◆ ENTRIES PROVIDED ◆
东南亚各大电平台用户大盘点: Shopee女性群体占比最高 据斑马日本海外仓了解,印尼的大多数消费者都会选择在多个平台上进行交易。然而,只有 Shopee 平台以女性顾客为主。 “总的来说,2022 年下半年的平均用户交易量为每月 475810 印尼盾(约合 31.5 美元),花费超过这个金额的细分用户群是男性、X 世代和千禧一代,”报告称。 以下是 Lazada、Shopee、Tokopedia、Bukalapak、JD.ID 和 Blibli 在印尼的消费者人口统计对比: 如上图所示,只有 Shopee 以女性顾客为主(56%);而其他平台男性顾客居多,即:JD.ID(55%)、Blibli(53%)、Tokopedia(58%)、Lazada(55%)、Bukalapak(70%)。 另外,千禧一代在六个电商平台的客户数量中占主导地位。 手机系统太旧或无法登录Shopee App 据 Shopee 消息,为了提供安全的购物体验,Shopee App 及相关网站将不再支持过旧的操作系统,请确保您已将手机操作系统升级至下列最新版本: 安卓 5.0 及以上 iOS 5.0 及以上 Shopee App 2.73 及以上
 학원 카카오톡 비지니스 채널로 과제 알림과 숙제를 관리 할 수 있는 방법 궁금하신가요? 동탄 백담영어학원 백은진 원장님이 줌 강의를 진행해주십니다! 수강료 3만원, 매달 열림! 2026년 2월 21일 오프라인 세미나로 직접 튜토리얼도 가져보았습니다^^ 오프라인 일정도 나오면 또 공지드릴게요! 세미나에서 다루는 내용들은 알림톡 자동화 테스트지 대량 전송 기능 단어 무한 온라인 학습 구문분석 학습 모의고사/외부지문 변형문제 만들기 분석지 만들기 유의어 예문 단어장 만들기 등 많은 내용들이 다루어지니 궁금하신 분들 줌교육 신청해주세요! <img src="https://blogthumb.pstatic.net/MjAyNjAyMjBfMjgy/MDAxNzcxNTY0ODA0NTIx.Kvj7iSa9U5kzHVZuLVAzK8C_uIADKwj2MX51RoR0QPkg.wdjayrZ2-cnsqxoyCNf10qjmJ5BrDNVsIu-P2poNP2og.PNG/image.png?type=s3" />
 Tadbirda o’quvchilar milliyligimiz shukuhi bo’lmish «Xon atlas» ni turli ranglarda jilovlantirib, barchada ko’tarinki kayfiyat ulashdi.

---

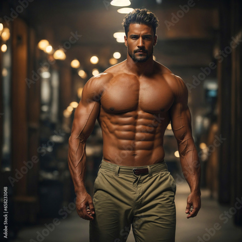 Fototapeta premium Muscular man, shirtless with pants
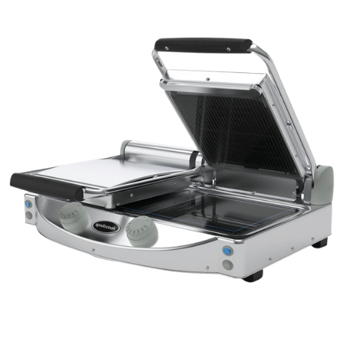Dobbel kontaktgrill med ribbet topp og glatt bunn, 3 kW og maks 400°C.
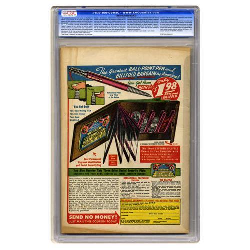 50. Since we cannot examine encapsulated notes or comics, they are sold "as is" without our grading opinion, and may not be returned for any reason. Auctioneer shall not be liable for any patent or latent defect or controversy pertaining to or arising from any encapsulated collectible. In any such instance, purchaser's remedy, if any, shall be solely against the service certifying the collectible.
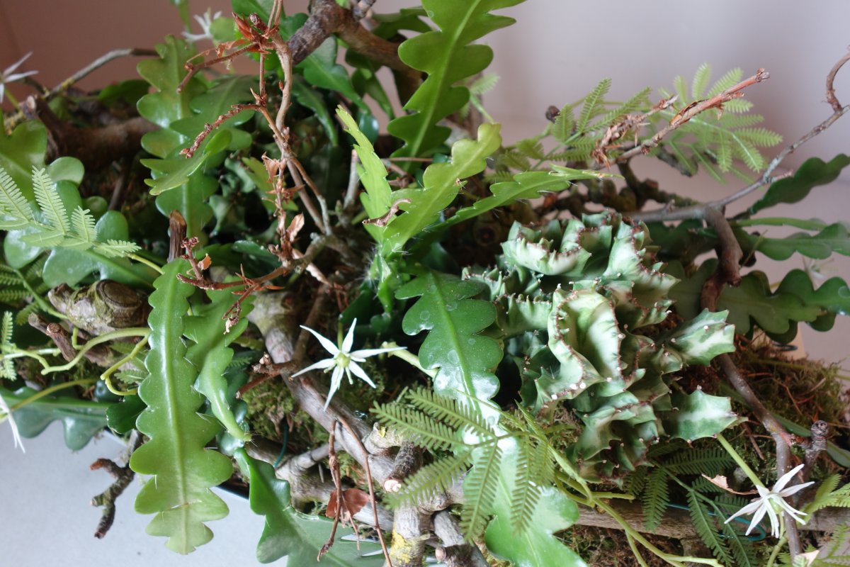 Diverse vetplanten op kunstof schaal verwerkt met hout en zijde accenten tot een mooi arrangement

---

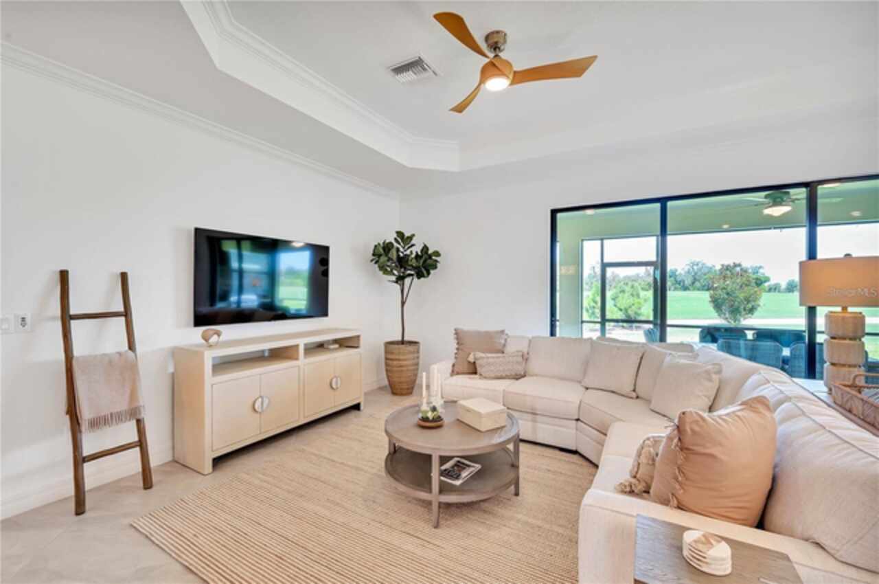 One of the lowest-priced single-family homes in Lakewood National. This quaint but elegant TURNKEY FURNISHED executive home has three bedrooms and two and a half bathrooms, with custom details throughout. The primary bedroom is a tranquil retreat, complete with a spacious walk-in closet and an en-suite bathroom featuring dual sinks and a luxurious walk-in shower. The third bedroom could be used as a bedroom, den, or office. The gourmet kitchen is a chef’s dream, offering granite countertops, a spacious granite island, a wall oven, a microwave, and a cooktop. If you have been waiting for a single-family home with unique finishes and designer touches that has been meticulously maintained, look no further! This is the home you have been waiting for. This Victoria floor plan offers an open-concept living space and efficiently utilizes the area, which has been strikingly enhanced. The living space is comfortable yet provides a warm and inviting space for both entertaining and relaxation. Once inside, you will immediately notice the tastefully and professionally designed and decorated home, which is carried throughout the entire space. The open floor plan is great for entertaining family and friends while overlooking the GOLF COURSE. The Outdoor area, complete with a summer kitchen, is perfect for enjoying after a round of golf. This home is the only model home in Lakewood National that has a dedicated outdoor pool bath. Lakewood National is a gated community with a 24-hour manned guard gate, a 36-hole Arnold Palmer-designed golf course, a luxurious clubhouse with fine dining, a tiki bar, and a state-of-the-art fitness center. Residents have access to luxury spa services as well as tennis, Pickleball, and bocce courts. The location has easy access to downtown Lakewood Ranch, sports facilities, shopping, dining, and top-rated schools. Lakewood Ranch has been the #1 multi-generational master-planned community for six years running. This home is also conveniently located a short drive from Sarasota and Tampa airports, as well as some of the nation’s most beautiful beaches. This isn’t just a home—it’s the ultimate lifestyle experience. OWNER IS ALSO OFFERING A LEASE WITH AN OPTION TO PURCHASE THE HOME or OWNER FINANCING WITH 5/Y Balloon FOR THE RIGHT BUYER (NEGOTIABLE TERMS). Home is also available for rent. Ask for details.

◆ WORK REQUEST ◆
Starting at the line that contains "App 2.73 及以上" and stopping after the line that contains "Tadbirda o’quvchilar milliyligimiz", write out every line exactly as it appears above, and no other line.

◆ RESULT ◆
东南亚各大电平台用户大盘点: Shopee女性群体占比最高 据斑马日本海外仓了解,印尼的大多数消费者都会选择在多个平台上进行交易。然而,只有 Shopee 平台以女性顾客为主。 “总的来说,2022 年下半年的平均用户交易量为每月 475810 印尼盾(约合 31.5 美元),花费超过这个金额的细分用户群是男性、X 世代和千禧一代,”报告称。 以下是 Lazada、Shopee、Tokopedia、Bukalapak、JD.ID 和 Blibli 在印尼的消费者人口统计对比: 如上图所示,只有 Shopee 以女性顾客为主(56%);而其他平台男性顾客居多,即:JD.ID(55%)、Blibli(53%)、Tokopedia(58%)、Lazada(55%)、Bukalapak(70%)。 另外,千禧一代在六个电商平台的客户数量中占主导地位。 手机系统太旧或无法登录Shopee App 据 Shopee 消息,为了提供安全的购物体验,Shopee App 及相关网站将不再支持过旧的操作系统,请确保您已将手机操作系统升级至下列最新版本: 安卓 5.0 及以上 iOS 5.0 及以上 Shopee App 2.73 及以上
 학원 카카오톡 비지니스 채널로 과제 알림과 숙제를 관리 할 수 있는 방법 궁금하신가요? 동탄 백담영어학원 백은진 원장님이 줌 강의를 진행해주십니다! 수강료 3만원, 매달 열림! 2026년 2월 21일 오프라인 세미나로 직접 튜토리얼도 가져보았습니다^^ 오프라인 일정도 나오면 또 공지드릴게요! 세미나에서 다루는 내용들은 알림톡 자동화 테스트지 대량 전송 기능 단어 무한 온라인 학습 구문분석 학습 모의고사/외부지문 변형문제 만들기 분석지 만들기 유의어 예문 단어장 만들기 등 많은 내용들이 다루어지니 궁금하신 분들 줌교육 신청해주세요! <img src="https://blogthumb.pstatic.net/MjAyNjAyMjBfMjgy/MDAxNzcxNTY0ODA0NTIx.Kvj7iSa9U5kzHVZuLVAzK8C_uIADKwj2MX51RoR0QPkg.wdjayrZ2-cnsqxoyCNf10qjmJ5BrDNVsIu-P2poNP2og.PNG/image.png?type=s3" />
 Tadbirda o’quvchilar milliyligimiz shukuhi bo’lmish «Xon atlas» ni turli ranglarda jilovlantirib, barchada ko’tarinki kayfiyat ulashdi.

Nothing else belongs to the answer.